Editorial: State's Public Colleges Can Take a Lesson from Private Schools on Holding Down Costs
The Grand Rapids Press - February 24, 2009
by The Grand Rapids Press Editorial Board
WHY IT MATTERS
Michigan can't afford to price its residents out of the higher education that is key to training a better workforce to fill high-tech jobs that can reverse the state's economic slide.
Michigan's 15 public universities could learn a thing or two from the financial belt-tightening taking place at Hope and Calvin colleges. Leaders at the private four-year schools in Holland and Grand Rapids have decided to freeze the salaries of all employees, including the presidents, in response to escalating costs that are making a college education increasingly unaffordable.
The pay freeze means faculty and staff on those campuses will share the pain with students. Hope is raising tuition 2.9 percent; Calvin by 3.8 percent in the fall. Both increases are smaller than last year's 4.7 percent at Hope and 6.9 percent at Calvin. It's an indication that trustees at the two schools are not oblivious to the concept of shared sacrifice.
The state's public universities typically don't make tuition decisions until June or July. Although Grand Valley State University last week approved a 3.8 percent increase in room and board rates for next fall, school officials said they have not made a decision regarding tuition. Last year, GVSU raised tuition a whopping 13 percent; Michigan State University's tuition increased 6.8 percent; U-M's went up 5.6 percent. Tuition increases at the other public universities ranged from 3.7 percent at Saginaw Valley State to 9.2 percent at Western Michigan University in Kalamazoo.
The average increase last fall at the state's public four-year universities was 7 percent. An increase that large this year would be unconscionable. Leaders at the state's public universities should use Hope and Calvin as a guide and do them one better by freezing tuition as well.
The burden of year-after-year tuition hikes -- which far exceeded the rate of inflation -- were bad enough during good economic times. Now, during the prolonged economic squeeze, annual tuition increases are becoming unbearable for some students and their parents.
College affordability is a problem nationwide, but especially so in Michigan. A report by the Michigan League for Human Services in Lansing found the average tuition in Michigan in 2007 was $8,508. The Midwest average was $7,374; nationwide, it was $6,185. Tuition at Michigan's 15 public four-year universities jumped 20 percent from fall 2005 to fall 2007. During the same period, Michigan's real median income fell nearly 2 percent.
In her State of the State address earlier this month, Gov. Jennifer Granholm, urged the state's public universities and community colleges to freeze tuition.

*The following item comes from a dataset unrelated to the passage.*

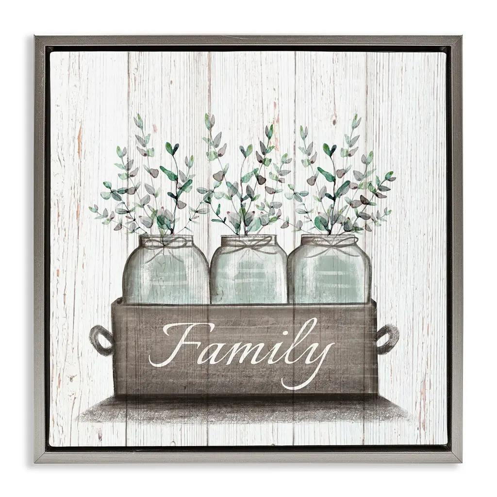 Elevate your home or office to the next level with Stupell Framed Floating Canvas Wall Art. Our premium hand-stretched canvas is mounted securely into a sturdy lightweight frame. The museum-style gap between the wrapped canvas and the box frame gives the illusion of floating artwork. Stupell Wall Art is made in the USA.Features: Dimensions: 18 x 1.7 x 18 Frame, 17 x 1.5 x 17 Canvas ArtFloating Frame Canvas Products are available in sizes 18"x18" and 25"x25". All Floating Frame Canvas Products have a 1.7" Depth.Wall Art is Ready to Hang with Hardware Free Hanging. No Installation required. For Easy Set Up Lean or Layer Artwork on Shelf or Against Wall. Artwork is Permently Fixed into the Frame.Our elevated 1.7" Thick Floating Frame is the perfect complement to our canvas style Wall Art. We use only the highest quality inks in house with industry leading printing solutions. Canvas is hand stretched over a durable wood foundation and then mounted securly into a Modern Box Frame. Made in the USA.Artwork Relates To: Country, Floral, Botanical, Floral, Rustic, Herbs, Phrase, FamilyDesign by Elizabeth Tyndall

She and almost everyone else recognizes that to get a good paying job today, at least some college or technical training is required. Affordability is vital if residents are going to get the education and training that's needed. The governor tied tuition restraint to additional money from funds expected in the federal stimulus package. Schools holding tuition in check would be rewarded. That is a temporary salve. What happens to tuition when the stimulus money dries up in two years?
The governor and state lawmakers need to find a way to pour more funds into higher education. A report last year by the Pew Center said Michigan was one of just four states to spend more money on prisons than higher education.
By the same measure, the people running and overseeing Michigan's public universities ought to be able to come up with alternatives to yearly tuition hikes to fill budget holes. Any number of measures that other businesses employ to cope with difficult times, such as freezing or cutting salaries, reduced spending, trimming employee benefits, postponing building and other projects, must be viable options.
Educators are quick to note that a college degree translates into significantly higher earnings over an individual's lifetime. However, if you can't afford the initial cost of that degree, you won't have the chance to make it pay off.
The state's public universities exist to serve the people. Tuition costs that literally close college doors to some residents or saddle them with huge debts are not serving their purpose. Educators can't remain oblivious to that reality.